Landlord Found Not Liable to Injured Tenant Who Fell on Ice During Storm
Plaintiff, Samir Abdalla, alleged that he slipped and fell on an icy walkway in his apartment complex and suffered a fractured radius in his left arm. He sued his landlord Threegees t/a Monaco Arms, Inc., claiming that the defendant was negligent in failing to clear ice on the sidewalk in the apartment complex. The issue in Abdalla v. Threegees t/a Monaco Arms, Inc., 2019 N.J. Super. Unpub. LEXIS 1071 (App. Div. May 10, 2019), was whether the freezing rain which had turned to rain during this winter storm constituted a continuation of the storm such that the defendant still had a reasonable period of time to remove the ice from the sidewalk.
According to the defendant’s weather expert report, freezing rain began to fall around 7 a.m. The temperatures were in the mid-20s, well below freezing, when the freezing rain began to develop. It was undisputed that the ice rain stopped falling prior to the plaintiff’s fall according to the defendant’s expert report and the temperatures began to rise above freezing starting around 11 a.m., two hours prior to plaintiff’s fall. In plaintiff’s deposition testimony, he testified that it was cold and raining lightly at the time he fell. Plaintiff argued that considering the transition from freezing rain to plain rain occurred around 11 a.m., that the defendant was negligent by failing to treat the icy sidewalk three hours after the freezing rain stopped.

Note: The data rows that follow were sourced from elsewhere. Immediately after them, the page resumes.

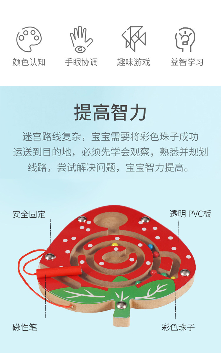 나무 자기 펜 미로 어린이 자기 구슬 유치원 선물 어린이 교육 조기 교육 나무 장난감스토어 가기
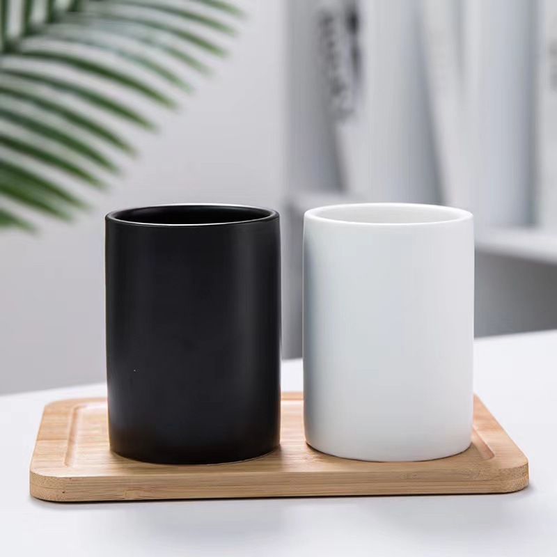 日本製セラミックマグホテルカップマウスウォッシュカップ竹プレート付き黒と白のトラベルマグ印刷可能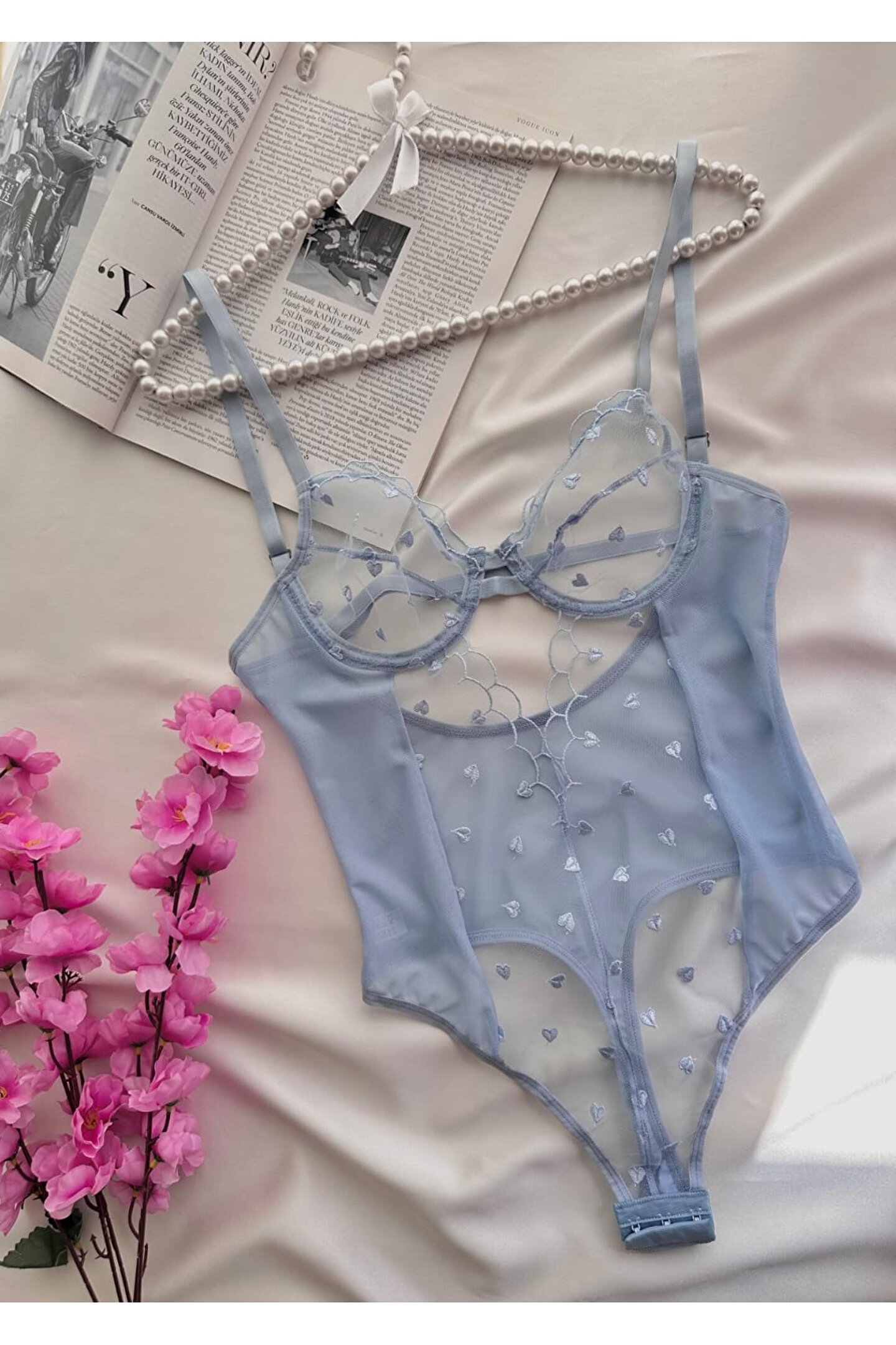 Nivolia Douce Kalp işlemeli Tül Bodysuit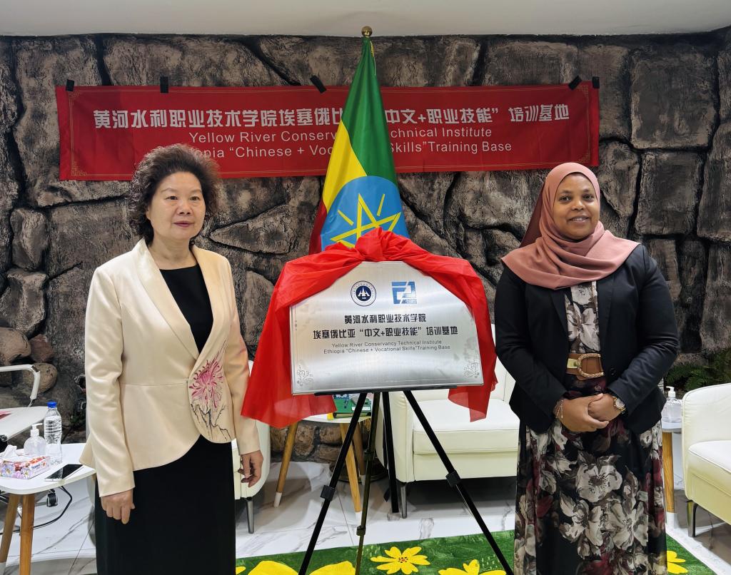 党委书记周保平与埃塞俄比亚劳动与技能部部长穆费里哈特·卡米尔共同为埃塞俄比亚“中文+职业技能”培训基地揭牌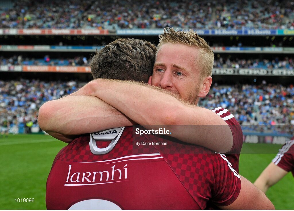 28 June 2015; Westmeath players Paul Sharry, left, and Denis Glennon, celebrate after the game. Leinster GAA Football Senior Championship, Semi-Final, Westmeath v Meath. Croke Park, Dublin. Picture credit: Dáire Brennan / SPORTSFILE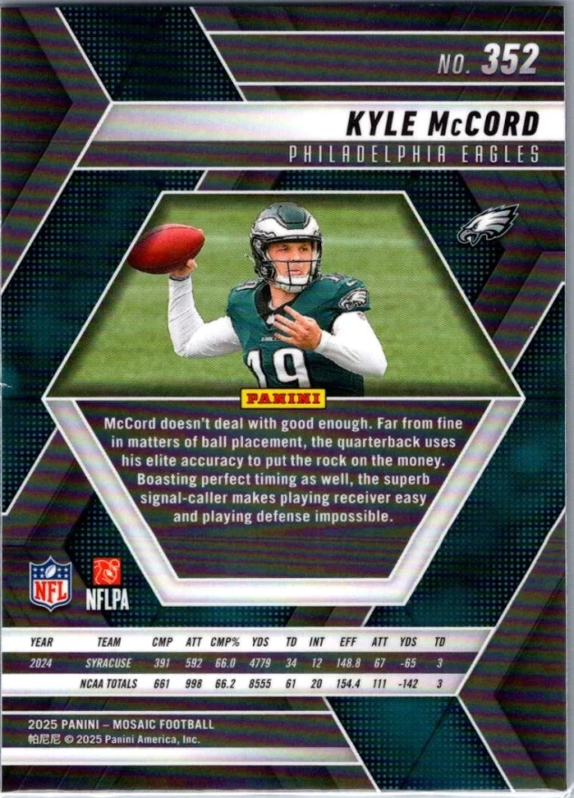 This is a nice example of a 2025 Panini Mosaic #352 Kyle McCord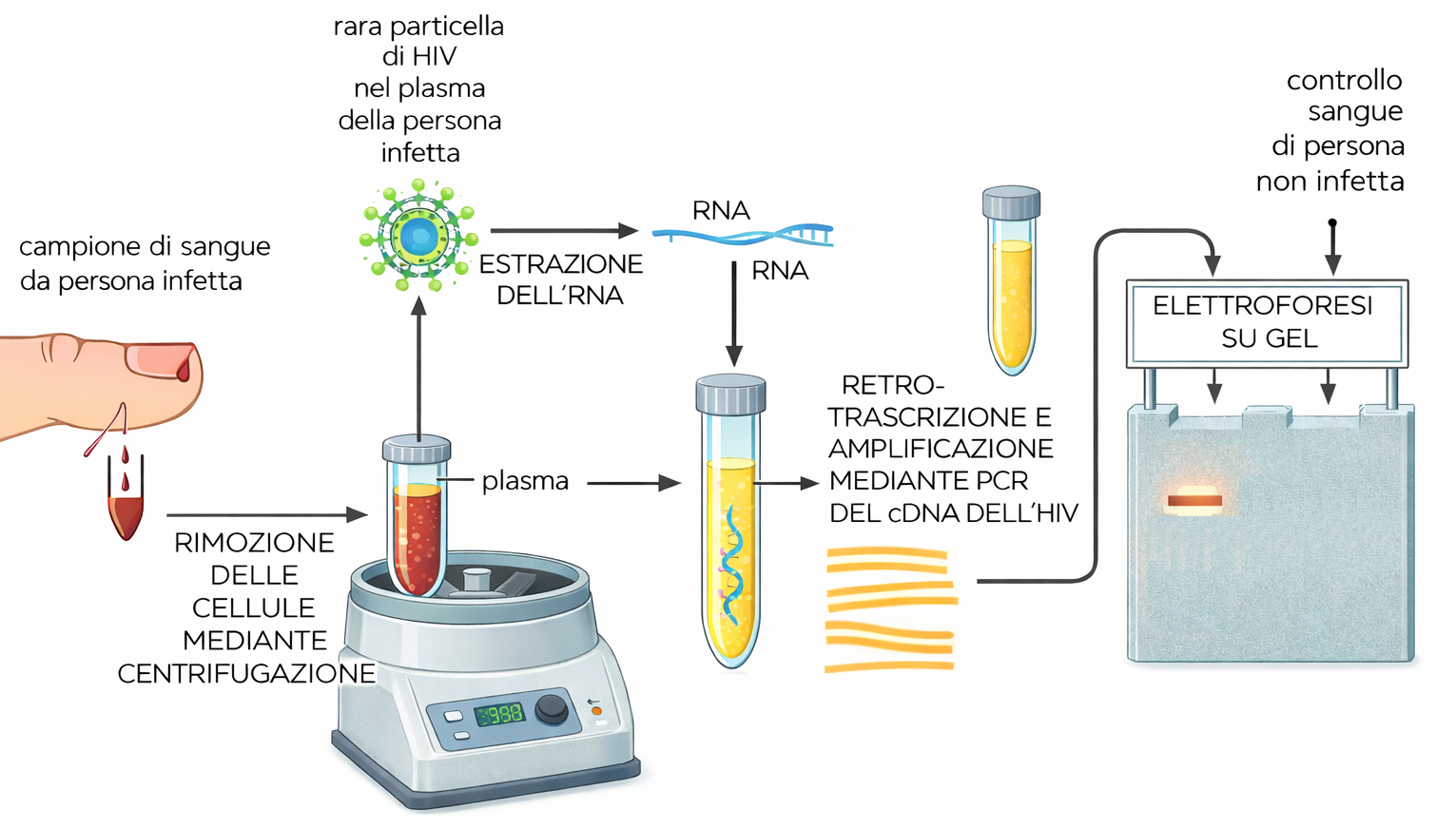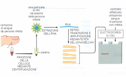 Oltre al clonaggio, la PCR è ampiamente impiegata per l’identificazione rapida di microrganismi patogeni, anche quando il carico infettivo è molto basso. Primer specifici per regioni del genoma di batteri, virus o parassiti consentono di rivelare poche copie virali o batteriche in campioni clinici dopo molteplici cicli di amplificazione (Figura 04.08-04). Varianti quantitative della tecnica, come la PCR in tempo reale, permettono di stimare la carica microbica e di monitorare la risposta a una terapia.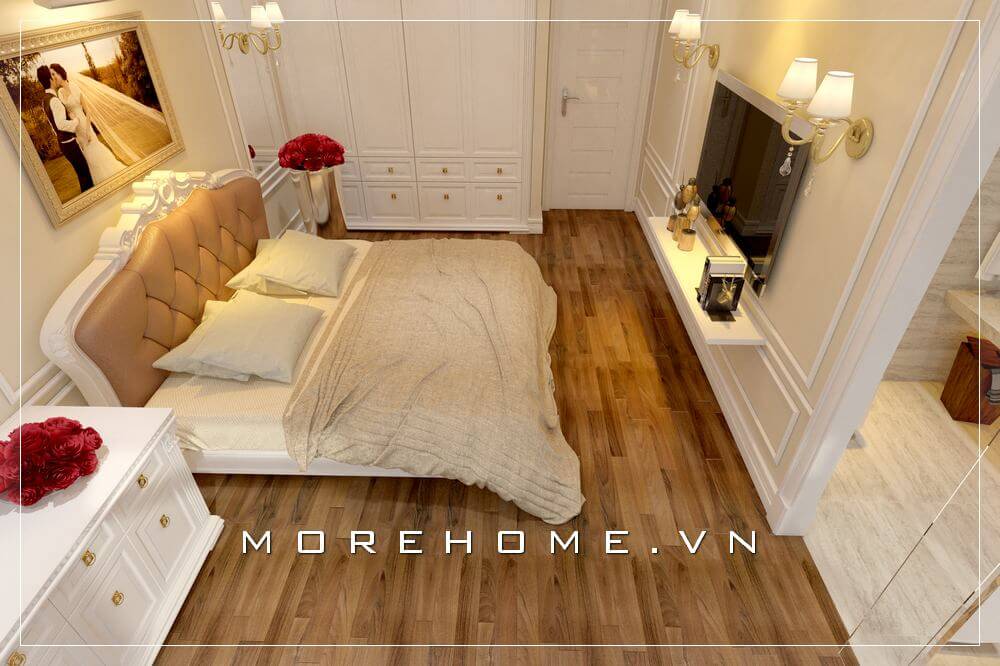 Giường ngủ chung cư được làm từ chất liệu gỗ tự nhiên phun sơn trắng, luôn mang đến vẻ đẹp tinh khiết và hài hòa cho không gian phòng ngủ sang trọng, tiện nghi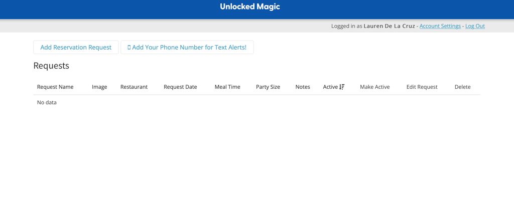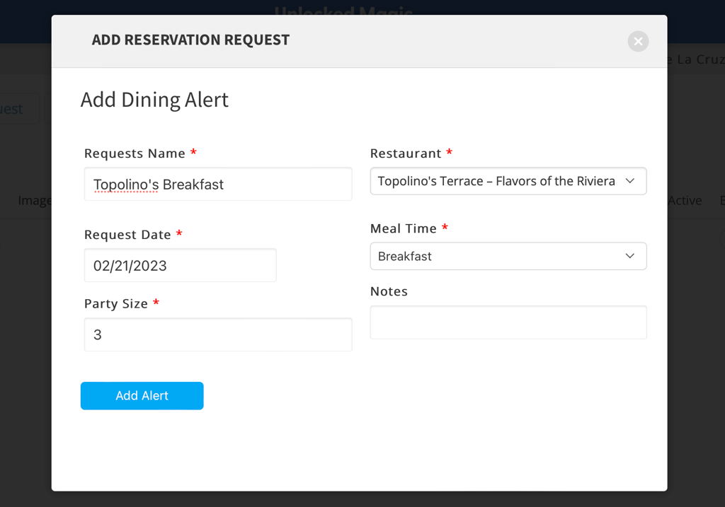 To create a new dining alert, click on “Add Reservation Request.” Since you have an unlimited number of alerts, add a dining alert name to help distinguish it from your other requests. Then fill in your request date and party size, and select the restaurant name from the drop down window. For the meal time, you can either set a wider alert for a specific meal (breakfast, lunch, or dinner) or set a specific time. To save the request, click “Add Alert.” If you would like to make changes to your request, go back to your dashboard and click “edit” next to the request you would like to modify.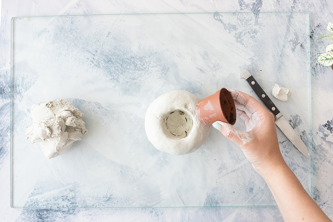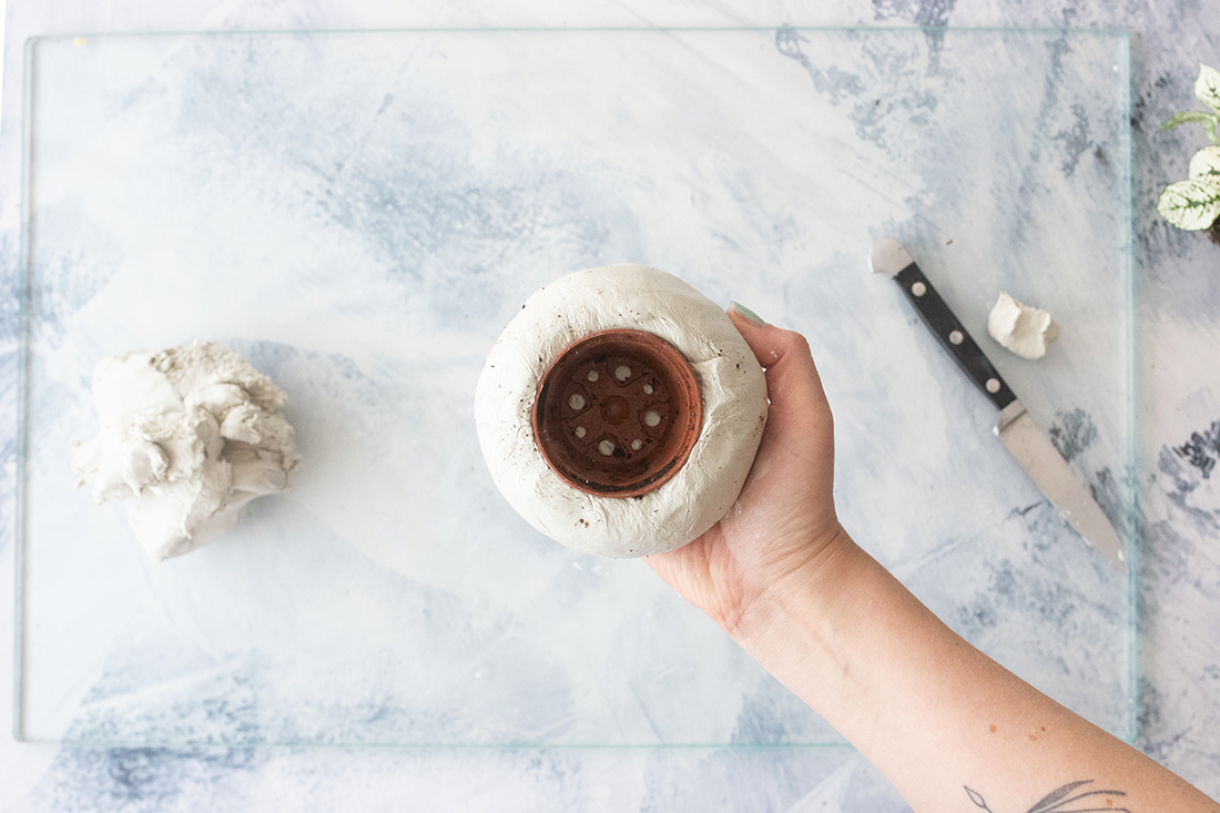 4. Drücke die Modelliermasse so an den Pflanztopf, dass die Ränder damit abschließen.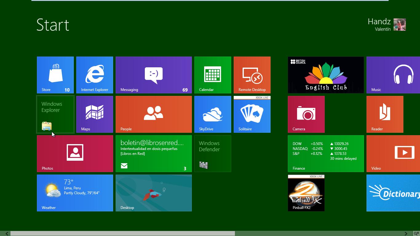 1° En el Start Screen haga clic en el tile de Windows Explorer.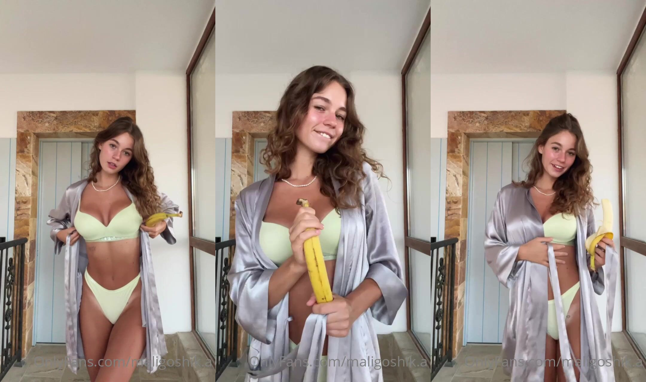 OnlyFans Anna Malygon Playing In A Lime Green Bikini And Grey Silk Robe Playing With Banana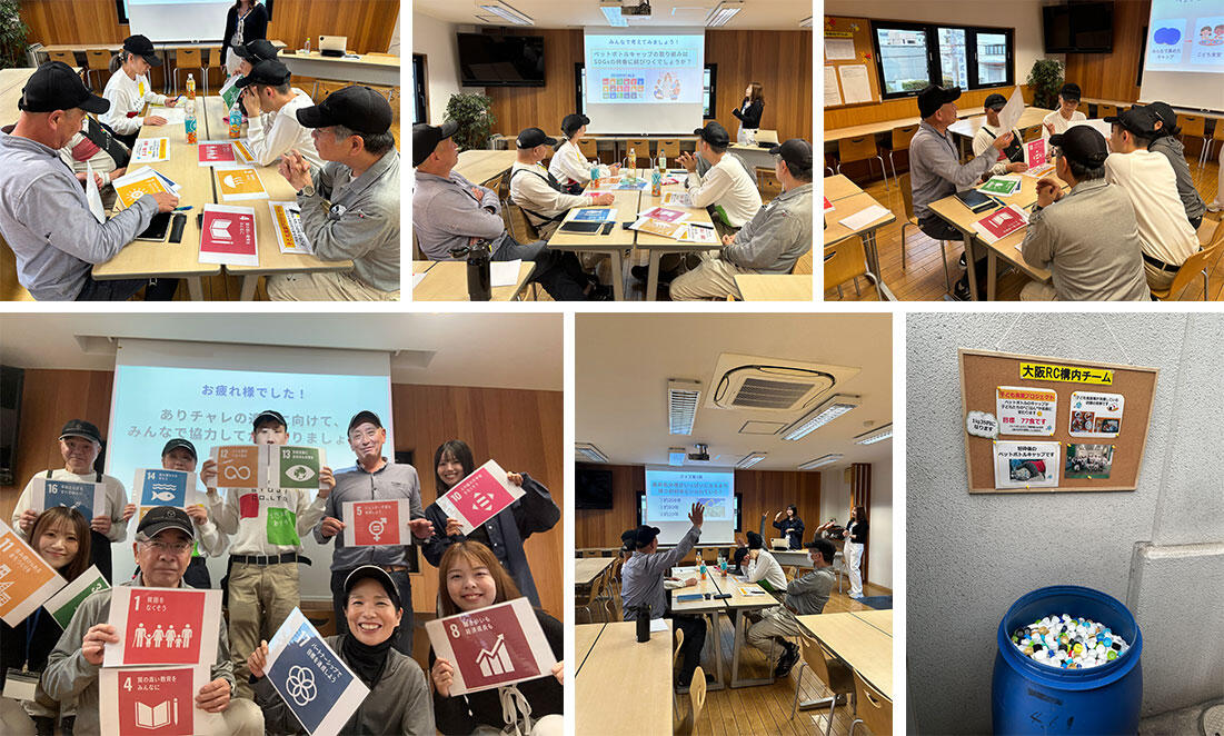 そのあと、大阪 RC の構内メンバーが中心となって進めている「“ペットボトルキャップを拠点内で回収し、子ども食堂へ寄付する活動”は、SDGs の何番の目標に沿った取り組みなのか」について、ワークを通して理解を深めました。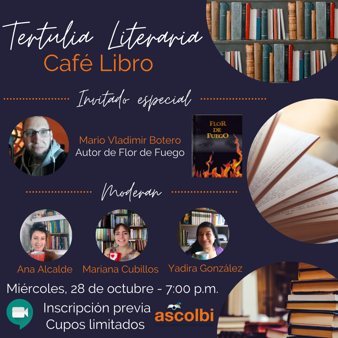 La tertulia literaria Café Libro nace de la iniciativa de ASCOLBI para ofrecer a sus afiliados un espacio de esparcimiento y cultura alrededor del aroma de un café y de la lectura de un libro, que permita la interacción entre participantes, autores y obras. Para llevar a cabo esto, el Colegio Colombiano de Bibliotecología, crea un voluntariado que organiza la tertulia una vez al mes. En este formulario podrán realizar la inscripción para participar en una sala privada de meet cupos limitados, la cual será transmitida por nuestro canal de youtube; esto permitirá la interacción directa con el autor.
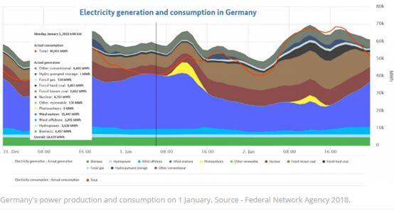 煤炭、天然氣和核能發(fā)電被削減到最低程度,由于電力價(jià)格變?yōu)樨?fù)值,剩余能源出口到鄰國(guó)。

The motion judge recognize the well-settled rule of law that a commercial property owner does have a duty to keep its premises safe, including public sidewalks. However, the judge found that the defendant did not have the responsibility to go out while it was still raining to deice the condition that developed the hour earlier or two hours earlier. The owner had to be given some form of reasonable time period after the cessation of the storm itself.
The Appellate Division agreed with the motion judge that the maintenance of a public sidewalk by a commercial property owner may require removal of snow or ice or reduction of the risk, depending upon the circumstances. However, the commercial property owner would have a reasonable period of time thereafter to make the public sidewalk in a reasonably safe condition.
The Appellate Division relied on an almost 100-year-old case, Bodine v. Goerke Company, that the reasonable period of time did not commence until the precipitation ceased. The Court found that the fact that the freezing rain had turned to rain during the storm did not preclude the grant of summary judgment. It was undisputed that it was still raining when plaintiff fell. Thus, continuation of the storm did not provide the defendant with a reasonable period of time to remove ice from the sidewalk. That reasonable period of time commenced at the conclusion of the precipitation.
This case will be very helpful for business owners and commercial land owners because it specifically deals with a freezing rain event, as opposed to just a snow event. Again, in a flurry of decisions which have been coming down from the Appellate Division, they all seem to side with the landowner that there is a reasonable period of time after the conclusion of the storm event to clear a sidewalk or walkway from that precipitation.